This is one of the main concerns of the French, at a time when inflation continues to climb. According to INSEE, it increased by 5.2% from May 2021 to May 2022. Distilted for several weeks, the next measures to support household purchasing power must be ratified in two pieces of legislation, including a corrective finance. Here’s a rundown of what the executive is planning.

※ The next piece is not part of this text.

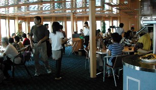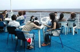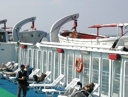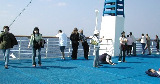穏やかな天気に恵まれ、屋上の船首デッキでは三々五々景色を眺め、日光浴をする人や読書をしている人がいた。

Energy: fuel discount, price shield and transport premium

The government has decided to extend at least until the end of August the fuel discount of 15 to 18 cents (in mainland France), introduced since April 1. In an interview with Les Echos, Bruno Le Maire mentioned an extension until December. “We are therefore ready to reach out to the responsible oppositions: why not consider extending the 18 cent rebate until the end of the year, if economic conditions require it, rather than embarking on measures extremely expensive taxes,” he asks. Some 3 billion euros were budgeted for the period from April to June, which will therefore have to be supplemented in the amending finance law.

In September or October, a device more targeted at “big riders” must take over.

In addition, the extension until the end of the year of the tariff shield for electricity and gas (capping their price) has been approved, for a cost estimated at more than 14 billion euros for the year 2022 , according to an estimate from Bercy last March. This amount may change according to variations in the price of gas.

Finally, the ceiling of the tax-free individual transport bonus that the employer can pay to the employee will increase from 200 to 400 euros for 2022 and 2023, and will be cumulative with the compulsory payment of 50% of the subscription to public transport. .

Basic pensions and social benefits

Retirement and disability pensions under the basic schemes will be increased by 4% from July 1. This increase, combined with that of just over 1% in January, is approaching the level of inflation, which reached 5.2% in May. According to information from Le Monde, this is a budgetary effort of around 6.5 billion euros in 2022, then 1.5 billion in the 2023 financial year.

Certain family benefits and social minima, namely the active solidarity income (RSA), the allowance for disabled adults (AAH) and the solidarity allowance for the elderly (ASPA), will also be increased by 4%, according to a part of the purchasing power bill consulted by AFP.

Some social benefits had already been increased by 1.8% in April. According to Les Echos, these upgrades would cost 8 billion euros until April 2023.

Index point increase

Civil servants will know on Tuesday the level of the increase in the value of the index point which serves as the basis for their remuneration. Public service unions are asking for between 3% (for the CFDT) and 25% (for FO). A 1% increase would cost the state and communities 2 billion euros per year, according to the government.

Tripling of the Macron bonus

The ceiling of the exceptional purchasing power bonus, tax-exempt and desocialised, known as the Macron bonus, will be tripled. Companies will therefore be able to pay up to 3,000 euros to their employees, and even up to 6,000 euros for those who have set up a profit-sharing or participation scheme. The average level of this bonus was only 506 euros per employee in 2021, against 1,000 euros authorized, according to the Ministry of Public Accounts.

Reduction in self-employed contributions

A reduction in the contributions of the self-employed is also planned. This measure, which aims to achieve greater equity between the contributions of employees and those of the self-employed, should allow the latter to earn 550 euros per year for a person whose income is equivalent to the minimum wage.

The increase in the rent index

The benchmark rent index will increase by 3.5% in July and then remain stuck at this level for a year. This measure is presented by the government as a compromise between the interests of tenants and those of landlords. Personalized housing aid (APL) will also be increased by 3.5%.

Abolition of the audiovisual license fee

The abolition of the audiovisual license fee will finally take effect next fall, with a gain for households of 138 euros, i.e. a total shortfall of more than 3 billion euros, which the State promises to compensate with broadcasters. public. This deletion led to a public broadcasting strike on Tuesday, June 28.

Help for students

Prime Minister Elisabeth Borne has asked her government to work on measures for students. An extension of the university restaurant ticket at 1 euro is in the pipeline.

The creation of a food check

According to the daily Les Echos, a food check of 100 euros, plus 50 euros per dependent child, should be paid to 9 million households, for an overall cost of 1 billion euros. The recipients of the RSA, the AAH, the minimum old age and the APL would be concerned. In 2020, during the Covid-19 crisis, a similar bonus of 150 euros per adult and 100 euros per child concerned just over 4 million households.